Hylèmorphisme et fonctionnalisme. Sur la relation âme /corps chez Aristote

Forgé au début du XXe pour désigner la “ doctrine d’Aristote et des scolastiques selon laquelle l’être est constitué dans sa nature de deux principes complémentaires, la matière et la forme ” , le terme “ hylèmorphisme ” risque d’être un peu comme l’arbre qui cache la forêt, surtout si l’on entend par là une “ théorie spiritualiste directement inspirée de l’hylèmorphisme aristotélicien ” (TLF). En effet, s’il est vrai que “ hylèmorphisme ” renvoie à la doctrine aristotélicienne qui comprend la relation de l’âme au corps sur le modèle de la relation entre la forme (morphê) et la matière (hylê) et désigne par-là une doctrine selon laquelle l’âme est unie au corps comme l’est la forme à la matière, il ne l’est pas, même chez les aristotéliciens néo-thomistes, que cette doctrine soit une doctrine “ spiritualiste ” puisqu’elle a précisément pour fonction d’établir l’inséparabilité réelle de l’âme et du corps, ce qui entraîne d’ailleurs bien des problèmes pour les néo-thomistes . Autrement dit, alors même que le terme avait été formé, chez les historiens de la pensée aristotélicienne, néo-thomistes ou non, pour insister sur l’inséparabilité de l’âme et du corps, l’appel à la relation forme/matière ayant pour fin d’insister sur l’union de l’âme et du corps risque d’emblée d’être mésinterprété pour au moins deux grands types de raison :

1) Nous autres Modernes, nécessairement nourris, que nous le voulions ou non, au biberon cartésien, avons d’emblée tendance à entendre l’union de l’âme et du corps comme celle de deux substances séparées, la substance corporelle (res extensa) et la substance pensante (mens). Dès lors, le risque est grand que nous ne comprenions plus très bien ce qu’il en est chez Aristote et que, chrétiens/cartésiens malgré nous, nous identifiions l’âme aristotélicienne à la substance pensante cartésienne, ou, en termes plus modernes, à l’esprit (mind).

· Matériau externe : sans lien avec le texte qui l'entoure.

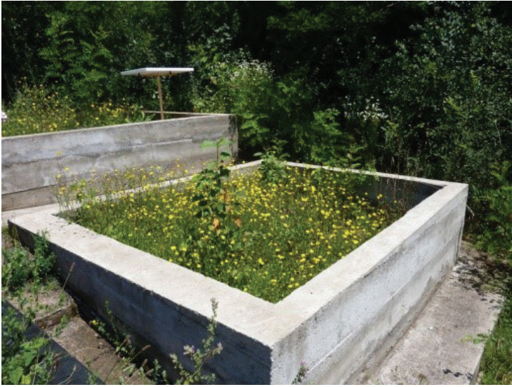
Слика 14: Парцела је спремна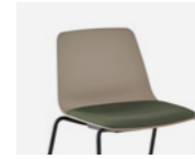
– Fix upholstered pad Panel de asiento fijo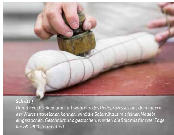
Schritt 3 Damit Feuchtigkeit und Luft während des Reifeprozesses aus dem Innern der Wurst entweichen können, wird die Salamihaut mit feinen Nadeln eingestochen. Geschnürt und gestochen, werden die Salamis für zwei Tage bei 26–28 °C fermentiert.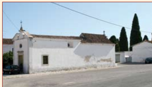
Adaptação de ermidas para velórios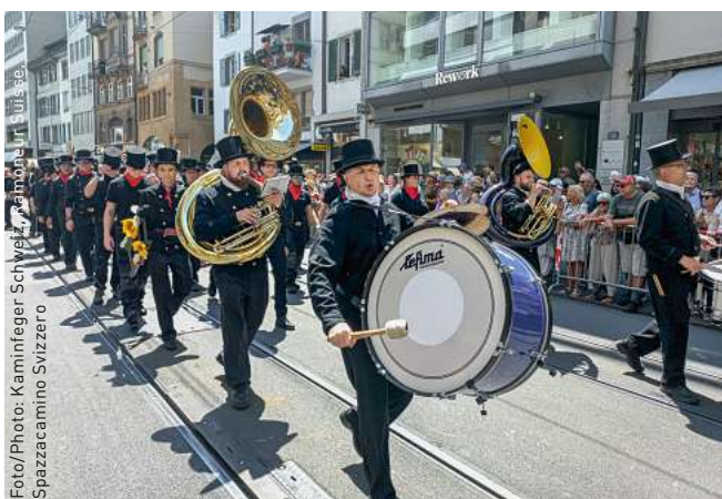
Foto/Photo: Kaminfeger Schweiz, Ramoneur in Suisse, Spazzacamino Svizzero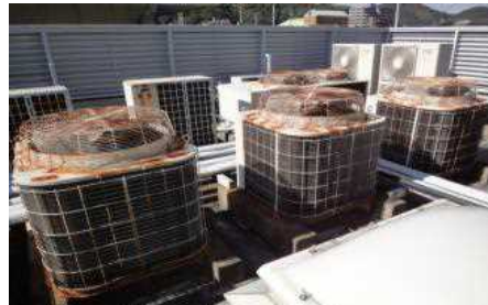
さび・劣化が激しい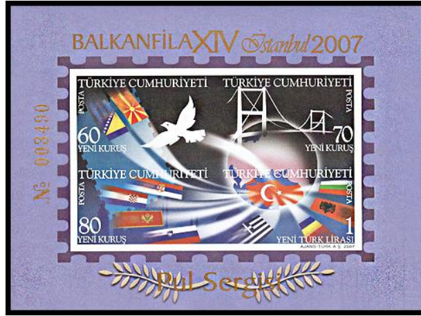
Görsel 15. Balkanfila XIV Pul Sergisi Seri Numaralı Dantelsiz Anma Bloku 116x86 mm, (Pulhane, 2007)

Görsel 16’da 28.10.2007’da tedavüle çıkartılan ve BALKANFİLA XIV Pul Sergisi konulu çalışmayı oluşturan 3,35 YTL bedelli bir ilk gün zarfı ile ilk gün damgasına yer verilmiştir (Pulhane, 2007). Yatay bir formata sahip olan bu tasarımın sağ üst kısmına Balkanfila XIV Pul Sergisi anısına bastırılan dantelli anma bloku, soluna ise kırmızı renk tonuyla belirginleştirilen Balkan haritası ve gagasında zeytin dalı taşıyan bir güvercin betimlemesi yerleştirilmiştir.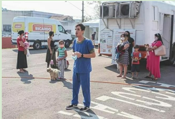
Jd São Luis (325 castrações)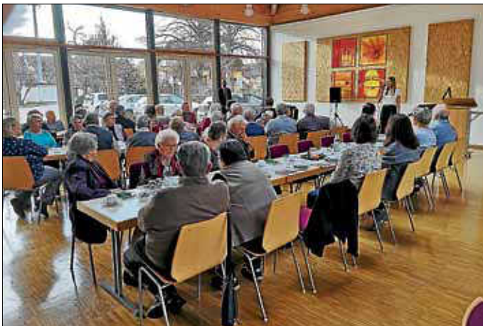
Seniorenachmittag in Ebershardt für Ebershardt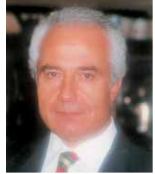
يكتبها د. عبد الحميد البيرير

كذلك يأتينا هذا الكلام أيضاً عندما نتفقد بحزن وأسى حال بلدنا وأحوال شعبنا، وبما يزخر به هذا الوطن الصغير لبنان من مقومات خير وجمال، وما أبدعته يد الخالق العظيم من لوحات وعبقرية، وما انتجه نظامه الليبرالي الواسطي من حريات سياسية واقتصادية وفكرية، ومن انفتاح وتواصل، كان من المفروض ان تجعل منه فردوساً حقيقياً للاستقرار والحياة والعمل، علماً أنها عوامل ربما كانت سبباً في إثارة حفيظة الحاقدين والحاسدين، فشرعوا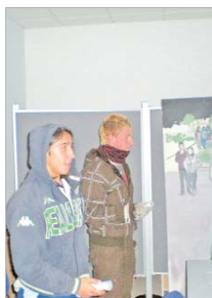
La Animateka, en ediciones anteriores.

Los días 23, 27, 28, 29 y 30 de diciembre, así como el 3 y 4 de enero, en horario de 9.00 a 14.30 horas, 'La Estación' se convierte en el punto de encuentro para los más peque-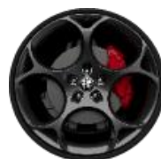
21“ lengvojo lydinio ratlankiai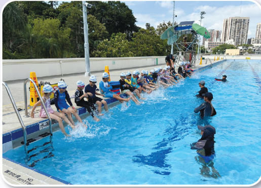
全班同學一同參與游泳訓練是一個很難得的體驗

本校重視學生有多元發展，鼓勵同學每天做運動。本校在三年級的體育課中加入游泳課，教授學生水上安全知識和游泳技巧，不僅可以提高學生的安全意識，還可以強身健體，並培養學生對游泳的興趣。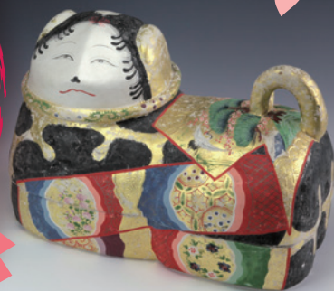
「御犬張子」江戸時代 木下家資料 (当館寄託)

2) Indépendamment de l’ironie cartésienne envers les “ formes substantielles ”, qui risque fort aussi d’obscurcir notre jugement, nous savons tous, pour avoir lu la Métaphysique Z, qu’un cercle ou un Hermès peuvent aussi bien être de bois que d’airain. Une forme pourrait ainsi, théoriquement du moins, “ informer ” n’importe quelle matière. Or, contrairement à ce sur quoi Aristote insiste en Métaphysique, H, 6, cela ne reviendrait-il pas à mettre l’accent sur la séparabilité de la matière et de la forme, et conséquemment sur celle de l’âme et du corps ? D’où le renouveau de la question dans la récente littérature aristotélicienne de langue anglaise au sujet de la plasticité compositionnelle de la forme. Cette plasticité est essentielle pour le fonctionnalisme (dont certains voudraient qu’Aristote soit le “ père ”) car elle implique, même s’il n’est évidemment pas d’état mental sans état matériel, qu’on puisse décrire la pensée ou l’esprit (mind) indépendamment de la matière, du corps.

Aussi, afin de dissiper tout malentendu sur le sens de l’hylèmorphisme chez Aristote, mais aussi sur le fait de savoir s’il peut ou non être considéré comme le “ père du fonctionnalisme ”, le plus sage est de revenir d’abord sur le traité De l’âme, II, 1-3, où Aristote définit ce qu’il est aujourd’hui convenu de nommer “ hylèmorphisme ”. Nous verrons ensuite, dans une brève seconde partie, quel est le sens du débat contemporain sur l’éventuel fonctionnalisme du Stagirite et ce que ce débat peut apporter à la compréhension (ou à la mécompréhension…) de la pensée aristotélicienne relative aux relations âme/corps et âme/esprit.